Introduction
The accurately and timely differential diagnosis of parkinsonian disorders remains challenging due to overlapping symptoms, especially in the early stage, between patients with idiopathic Parkinson’s disease (IPD) and atypical parkinsonian syndromes (APS), e.g., multiple system atrophy (MSA) and progressive supranuclear palsy (PSP) [
1]. Pathological examination results show that approximately 20–30% of patients with MSA or PSP are initially misdiagnosed as IPD in clinical practice [
1]. Therefore, developing an accurate computer-aided diagnosis method for differential diagnosis of parkinsonian disorders is of great value to avoid unnecessary testing and inappropriate medicines and thus leads to better therapeutic strategies.
The dopamine transporter (DAT) imaging such as [
11C]CFT positron emission tomography (PET) and [
123I]FP-CIT single-photon emission computed tomography (SPECT) (DaTscan) can reflect the subject’s dopaminergic degeneration and therefore is a powerful diagnostic tool [
2]. Nowadays, striatal DAT quantification together with visual analysis is utilized as a standard practice in clinical studies [
3]. However, according to current knowledge, DAT imaging has not been confirmed to be suitable for the reliable differentiation of IPD and APS subtypes based on conventional quantitative analyses such as the DAT binding ratio (BR) quantification [
4‐
6]. These conventional quantitative analyses normally focus on specific brain regions including putamen and caudate, and each region is represented by its mean counts, hence underutilizing the global information of entire DAT scans, especially the distribution of the uptakes within each region as well as correlations of different brain regions.
The deep neural network has been demonstrated to be able to decode in-depth features automatically and effectively from the data [
7‐
11], which has the potential to discover more comprehensive information and update its parameters specifically for the differential diagnosis of parkinsonism.
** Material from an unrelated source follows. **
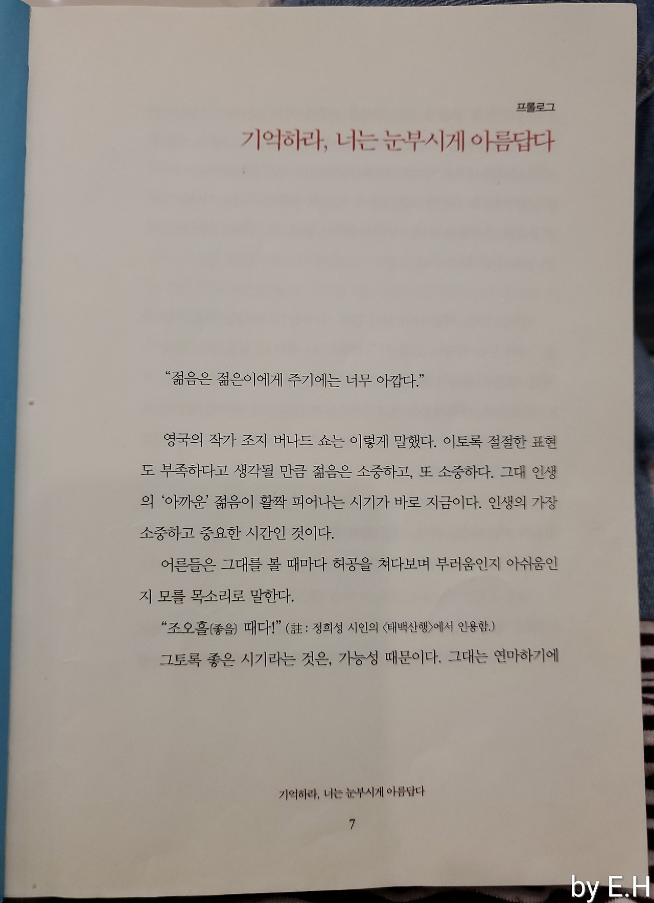무엇이 이리도 조급하고, 무엇이 이리도 서럽단 말인가? 나는 이만큼 살아온 것도 온통 감사할 것들 투성이 인 것을... 모두 각자의 시간이 흘러감을 때론 포효하는 거센 파도처럼 무섭게, 때론 구렁이 담넘 듯이 심드렁하게 느낄 테지. 내게만 시간이 빨리 가는 것도 더디 가는 것도 아님을 아는데도 요즘의 나는 왜 이리 모든 것이조급한 것인지?

Moreover, deep learning may assist the conventional quantitative analysis or radiomics analysis [
12‐
14]. The potential of deep learning has been revealed in the analysis of DAT imaging [
15‐
18]. Choi et al. introduced the deep learning method to refine the imaging diagnosis of Parkinson's disease based on the FP-CIT SPECT scans[
16]. Wenzel et al. reported that the deep neural network can be trained to be robust to variable image characteristics for the classification of the FP-CIT SPECT [
17]. Currently, these works mainly focused on the differentiation between PD and healthy controls but did not evaluate the potential of deep learning to solve a more challenging task, i.e., the differential diagnosis of IPD from APS. Utilizing unsupervised dimension reduction method and hierarchical clustering, Suh et al
. divided FP-CIT PET scans into multiple groups and then evaluated the correlation between certain clusters and specific Parkinson symptoms, which depicted the heterogenous dopaminergic neurodegeneration patterns in parkinsonian [
19]. However, it cannot directly characterize the probabilities of each parkinsonian syndrome and provide a diagnosis prediction when given an unseen scan.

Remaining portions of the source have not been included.